The 3 months correlation between Pfizer and Fidelity is -0.73. Overlapping area represents the amount of risk that can be diversified away by holding Pfizer Inc and Fidelity Covington Trust in the same portfolio, assuming nothing else is changed. The correlation between historical prices or returns on Fidelity Covington Trust and Pfizer is a relative statistical measure of the degree to which these equity instruments tend to move together. The correlation coefficient measures the extent to which returns on Pfizer Inc are associated (or correlated) with Fidelity Covington. Values of the correlation coefficient range from -1 to +1, where. The correlation of zero (0) is possible when the price movement of Fidelity Covington Trust has no effect on the direction of Pfizer i.e., Pfizer and Fidelity Covington go up and down completely randomly.
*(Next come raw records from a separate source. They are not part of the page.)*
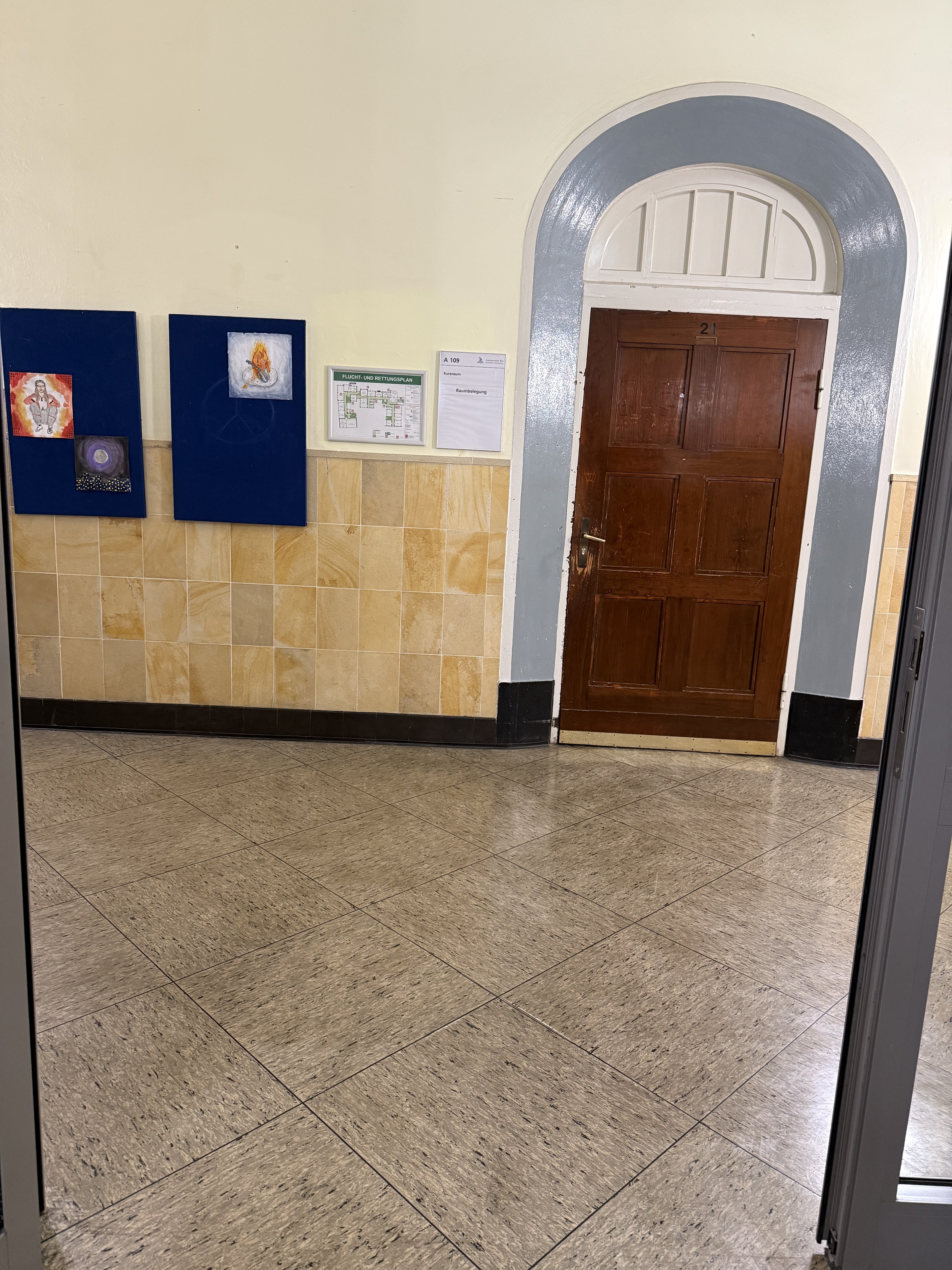 Und nun? Rechts oder links oder weiter runter? Das ist Klassenraum A109. Ich bin also im zweiten Stockwerk.
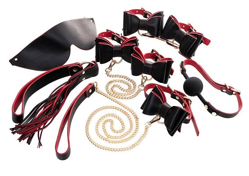 Милый бондажный набор с аксессуарами в виде бантиков-бабочек. Прекрасная идея для пар, которые хотят повысить свой уровень в доминировании и подчинении. В комплект входят все базовые атрибуты БДСМ. Их можно использовать как все вместе, так и по отдельности, в зависимости от смены ролей, сценариев и мизансцен. В сумке: маска, наручники, поножи, кляп, ошейник, плетка. В наборе: маска, наручники, поножи, кляп, ошейник, плетка. Размеры сумки - 32 х 15 х 11 см. Длина кляпа - 59 см., диаметр шара - 4 см. Длина маски - 65 см., ширина - 8 см. Длина плети - 47 см. Длина ошейника - 42 см., поводка - 114 см. Длина наручников - 24,5 см. Длина наножников - 29 см.
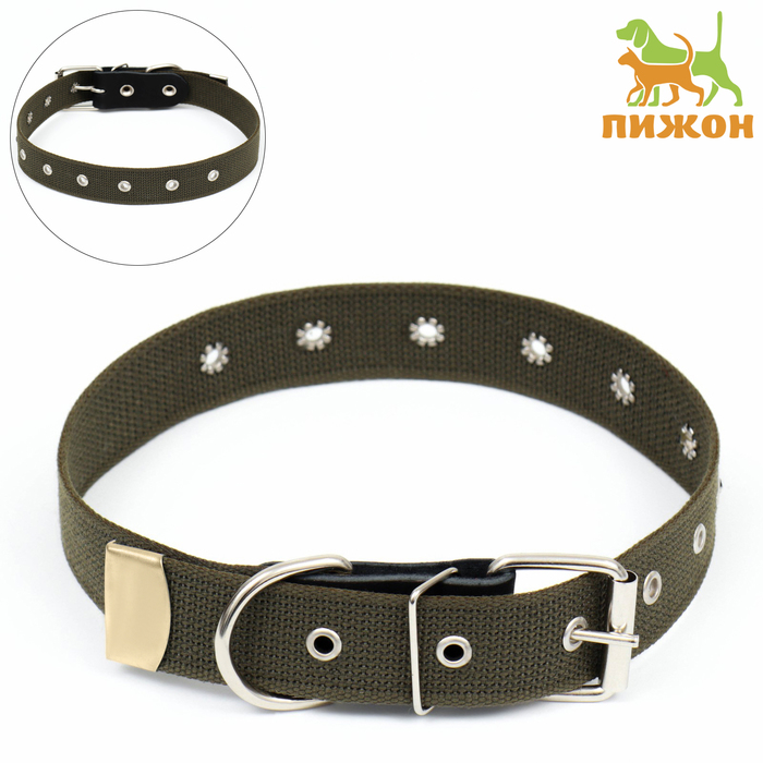 Ошейник брезентовый безразмерный однослойный, 72 х 3,5 см, ОШ 45-60 см, хаки
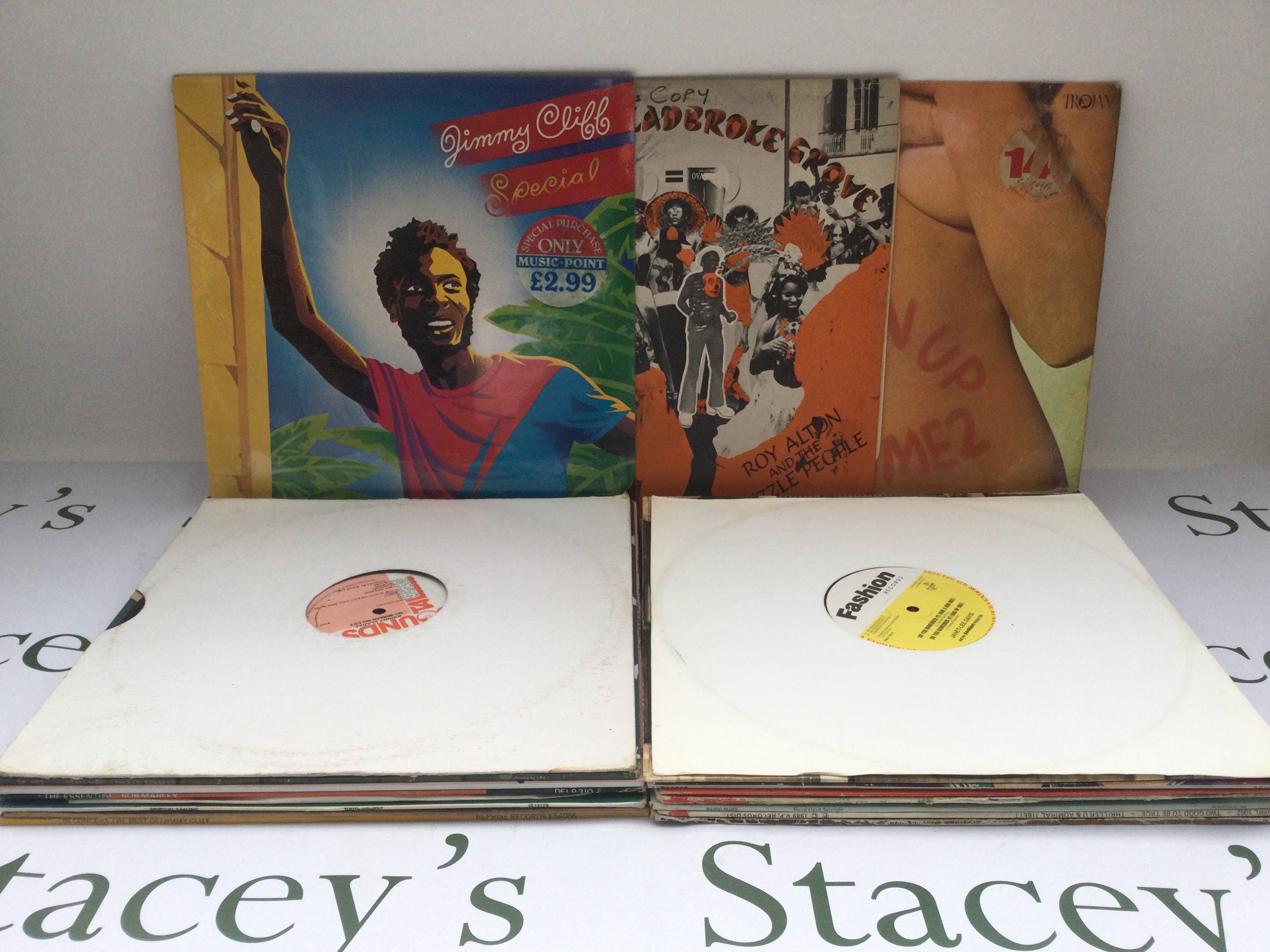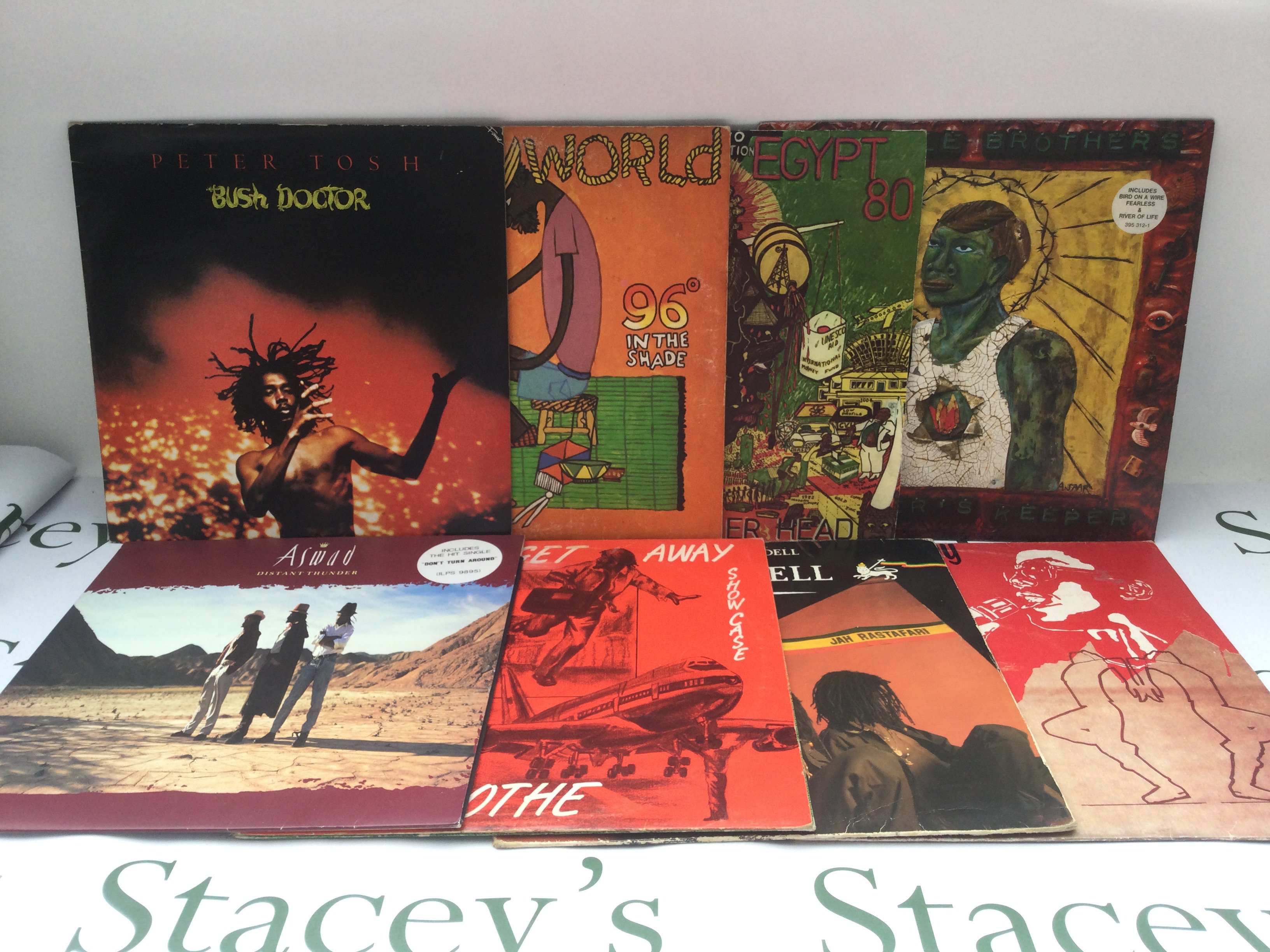 Two bags of over 30 reggae LPs and 12" singles by various artists including Bob Marley, Peter Tosh, Third World and others.
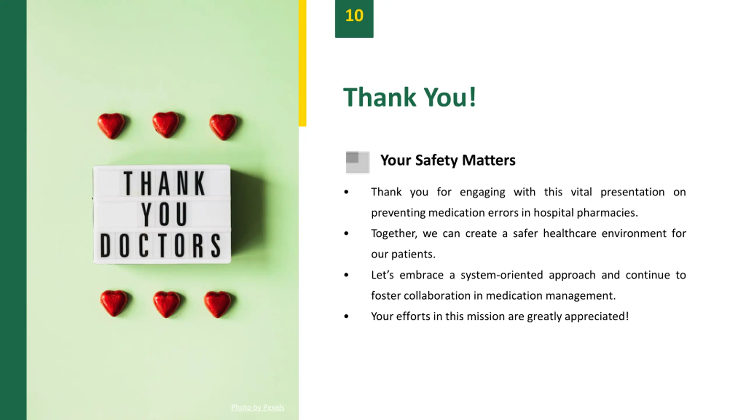 10 Thank You! Your Safety Matters Thank you for engaging with this vital presentation on preventingmedication errors in hospital pharmacies. Together, we can create a safer healthcare environment for our patients. Let s embrace a system-oriented approach and continue to foster collaboration in medication management. Your efforts in this mission are greatlyappreciated! Photo by Pexels
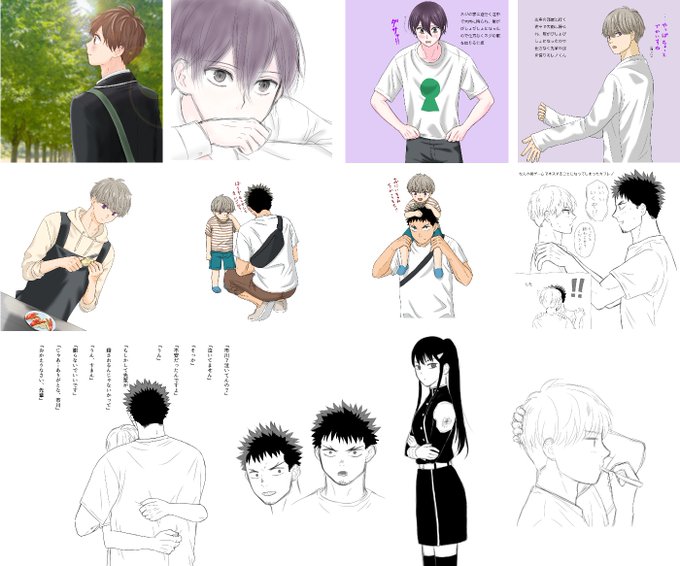 #今月描いた絵を晒そう 今年のまとめに入れなかった4枚をピックアップ 今月は6枚(模写練入れたら7枚)でした! 左下はネギま!のフェイトくんです 美咲&莉々奈は実は投稿時から修正してます、さてどこでしょう…?
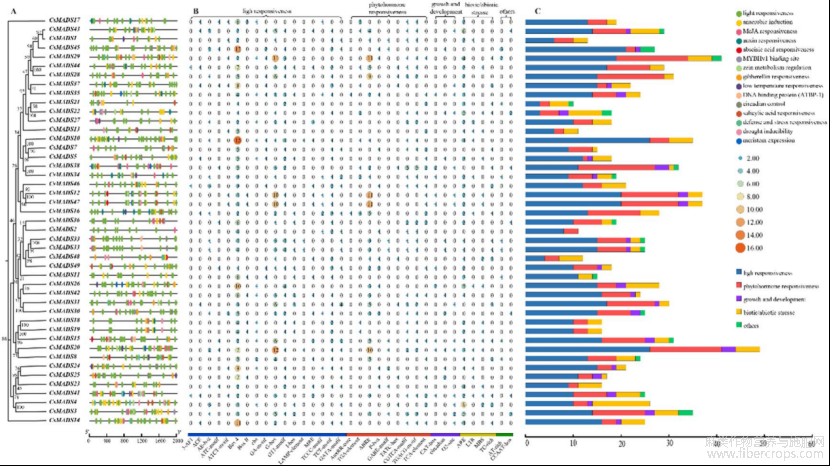 图2为巴马火麻MADS-box基因顺式元件特征,A为MADS-box基因上游-2000bp启动子顺式原件;B为启动子顺式原件的类别;C为启动子顺式原件的统计。
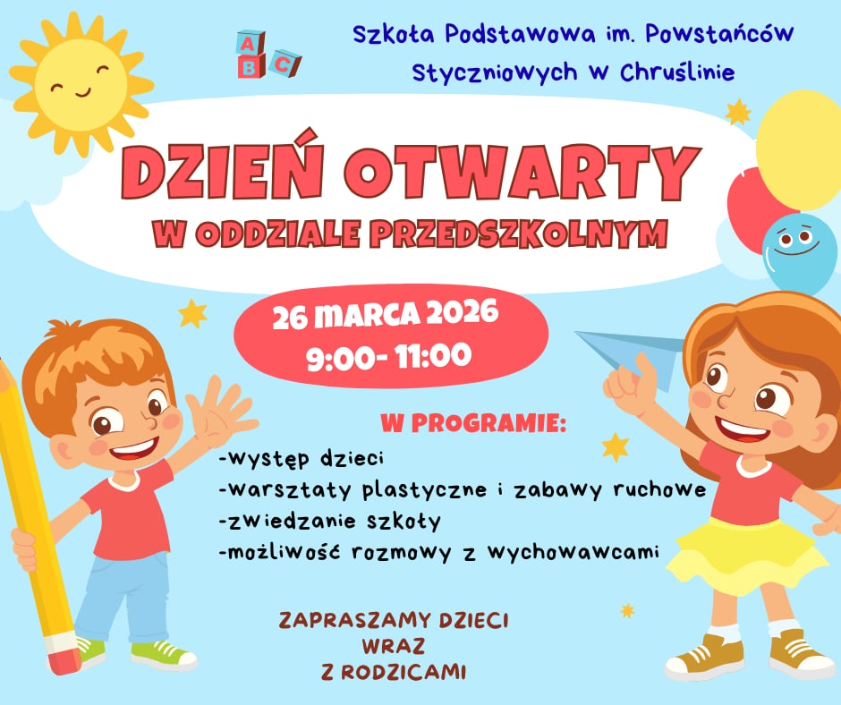 Dzień otwarty w Oddziale Przedszkolnym. 26 marca 2026, godz. 9.00 – 11.00 Zapraszamy dzieci wraz z rodzicami!
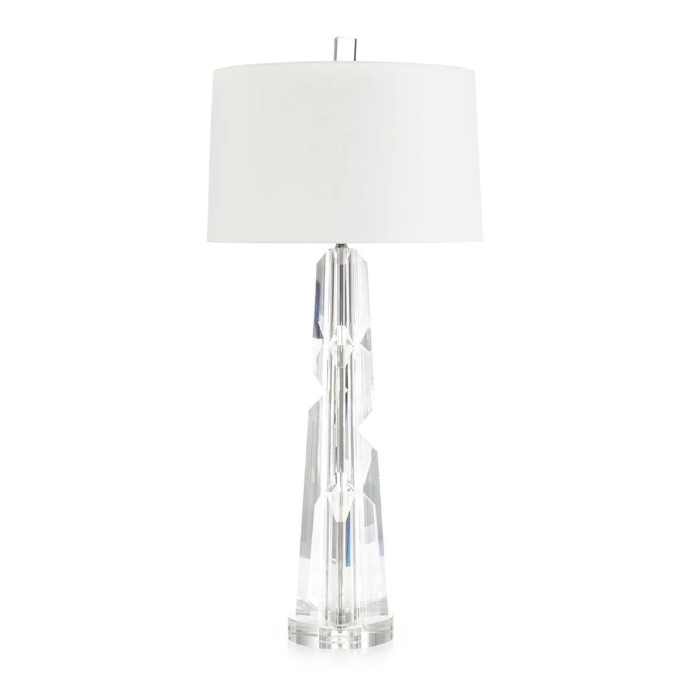 This gorgeous turnkey table lamp showcases a stunning body of crystal with triangular grooves carved into the sides. The base and finial, also of crystal, perfectly complement the transparent body to result in a sleek, modern statement piece. A slender rod of iron in a polished nickel runs through the body of the piece to act as the neck, providing playful juxtaposition and completing the look.
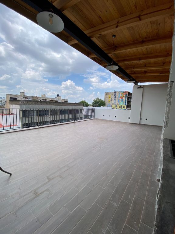 Tu nuevo hogar te espera en este departamento de 38.36 m2, con 1 recámara y 1 baño. Imagina tus fines de semana con parrilladas en el asador o relajándote en el roof garden, todo con la tranquilidad del circuito cerrado. La cocina integral, equipada y con calentador de agua, hace el día a día más sencillo. Además, cuentas con un espacio de estudio y un patio de lavado independiente. Los acabados de lujo le dan ese toque especial que buscas.

Pair Corralation between Pfizer and Fidelity Covington

Considering the 90-day investment horizon Pfizer Inc is expected to generate 1.92 times more return on investment than Fidelity Covington. However, Pfizer is 1.92 times more volatile than Fidelity Covington Trust. It trades about 0.12 of its potential returns per unit of risk. Fidelity Covington Trust is currently generating about 0.23 per unit of risk. If you would invest  2,480  in Pfizer Inc on September 16, 2024 and sell it today you would earn a total of  78.00  from holding Pfizer Inc or generate 3.15% return on investment over 90 days.
Time Period3 Months [change]
DirectionMoves Against 
StrengthWeak
Accuracy100.0%
ValuesDaily Returns

Pfizer Inc  vs.  Fidelity Covington Trust

 Performance 
       Timeline  
Pfizer Inc 

Risk-Adjusted Performance

0 of 100

 
Weak
 
Strong
Very Weak
Over the last 90 days Pfizer Inc has generated negative risk-adjusted returns adding no value to investors with long positions. In spite of uncertain performance in the last few months, the Stock's technical and fundamental indicators remain rather sound which may send shares a bit higher in January 2025. The latest tumult may also be a sign of longer-term up-swing for the firm shareholders.
Fidelity Covington Trust 

Risk-Adjusted Performance

9 of 100

 
Weak
 
Strong
OK
Compared to the overall equity markets, risk-adjusted returns on investments in Fidelity Covington Trust are ranked lower than 9 (%) of all global equities and portfolios over the last 90 days. Despite nearly stable basic indicators, Fidelity Covington is not utilizing all of its potentials. The current stock price disturbance, may contribute to mid-run losses for the stockholders.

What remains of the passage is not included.